The conventional inventory models incorporate the certain or uncertain demand and supply. However, in practice, both demand and supply are uncertain due to change of orders and some of the unpredictable events. Fuzzy theory gives a closer picture of the situations than the probabilistic theory. Fuzzy set theory, originally introduced by (Zadeh, 1965), provides a tool to consider imprecise or vague information or the information based on perception or belief of individuals. Inventory problems are very common in business operations. Often uncertainties may be associated with demand and various relevant costs like those of inventory carrying, shortage of items and set-up or ordering cost. In conventional inventory models, uncertainties are treated as randomness and probability theory is applied to solve the problem. However, in certain situations, uncertainties are due to fuzziness and in such cases the fuzzy set theory is more appropriate (Chakravarti et al., 2013).
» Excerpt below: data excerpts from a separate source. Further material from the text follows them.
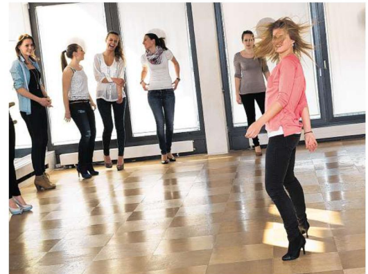
...und die Rosenprinzessinnen setzen das Gelernte gleich mit viel Eleganz und noch mehr Spass um.
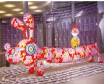
作品《拉長狗》(前)和《龍的傳人》(後)豐富的色彩花樣，衝擊觀賞者的視覺感官
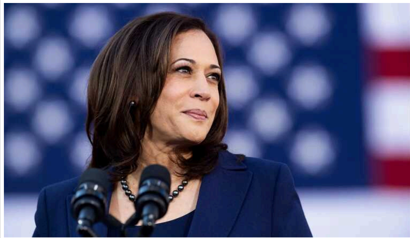
Гарріс випередила Трампа по двох відсоткових пунктах у загальнонаціональному опитуванні, - Reuters

Віцепрезидентка США Камала Гарріс випередила Дональда Трампа по двох відсоткових пунктах в загальнонаціональному опитуванні.

The fuzzy set theory is developed for solving the phenomenon of vague, imprecise, and fuzziness prevalent in the real world. Up to this point, the fuzzy set theory has been widely applied and accepted in many fields, such as science, medicine and management (Ouyang et al., 2010). Kumar et al. (2008) used fuzzy linear programming in supplier selection. Kumar et al. (2011) used fuzzy quality function deployment and multi objective linear programming for supplier evaluation and quota allocation problem. Kumar et al. (2012) used fuzzy analytic hierarchy process and TOPSIS for 3PL evaluation. Thus, the applications of fuzzy set theory in the field of management have become very popular and useful. Fuzzy theory provides an alternate and flexible approach to handle the situations because it can incorporate various subject experts’ advice in developing critical parameter estimates (Zimmermann, 2001).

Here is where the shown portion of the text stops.